Guy Lodge 

Changing face: how Nicole Kidman gets under the skin in Destroyer

As a hard-boiled detective with a radically altered face, the Oscar-winner’s latest role is getting heralded as a major transformation but it’s far more than stunt casting
  
  

Nicole Kidman in Destroyer.
Nicole Kidman in Destroyer. Photograph: Sabrina Lantos/AP

The marketing for Karyn Kusama’s sun-dried Californian cop thriller Destroyer has leaned heavily on the supposedly drastic change of pace – and face – it represents for its very famous leading lady. “Nothing Nicole Kidman has done in her career can prepare you for Destroyer,” blares the leading pull-quote on the film’s posters, while variations of “transformative” appear below, over a straight-on image of Kidman’s admittedly dramatically altered visage: all hellishly mottled, perma-dirtied skin and ravine-deep eyebags, under a mangy, unconditioned bison pelt of a wig. It looks just enough like Kidman’s own to draw in the devoted, but removed from the poster, anyone else might take for a particularly egregious DUI mugshot.

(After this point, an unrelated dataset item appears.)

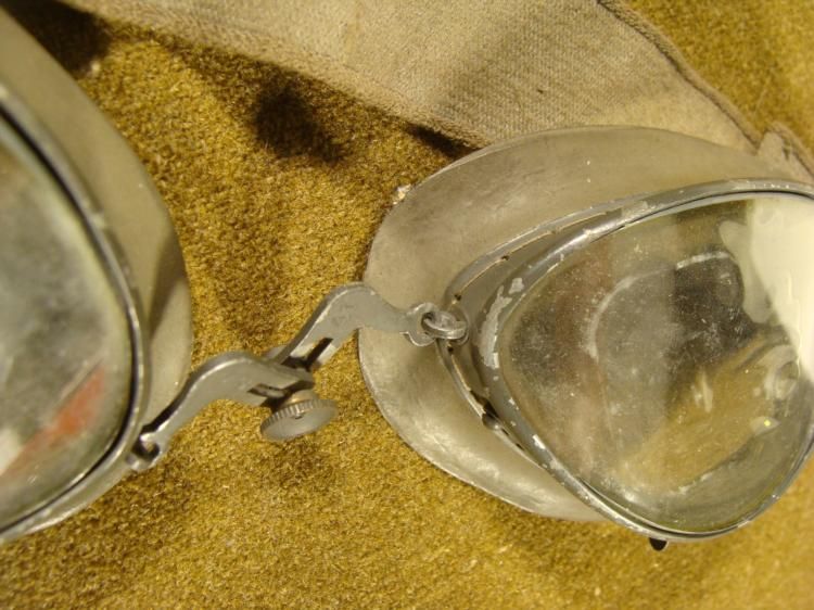 THIS IS AN ORIGINAL, 1941 WWII NAZI ORIG LEITZ FLIGHT GOGGLES (WINDSCHUTZBRILLE). THE GOGGLES HAVE A GRAY METAL FRAMES, RUBBER EYE SOCKETS, AND A ELASTIC HEADBAND. IT HAS THE MAKER'S MARK, "GS-41" 1941. *

“See [X actor] as you’ve never seen them before” is, of course, a time-honoured promotional strategy, particularly when it comes to campaigning for acting awards, where elaborate makeup work or severe weight changes will never count against you. Kidman has been down this road before, to Oscar-winning effect. In 2002, the media attention on her dowdy deglam job as Virginia Woolf in The Hours rather overwhelmed the discussion of her finely wrought, emotionally piercing performance – jokes about her prosthetic hooter extended all the way to the Oscar presentation itself, as Denzel Washington opened the envelope and rather snidely announced her victory “by a nose”.

That was in the flush of Kidman’s post-divorce career rejuvenation: freed from the demeaning celebrity status of being Mrs Tom Cruise, she took a varied, adventurous jumble range of projects to fully spotlight the serious solo acting intent that To Die For, Portrait of a Lady and Eyes Wide Shut had already promised. The Hours wasn’t even the best of them, but it was the one that announced that plan most literally, with literary biopic cred, uglifying makeup and all. She was never going to win an Oscar for truly on-the-edge work like Birth or Dogville – with characters whose interiority was more unnerving than their appearance – but Woolfing it up proved the point on Academy-friendly terms.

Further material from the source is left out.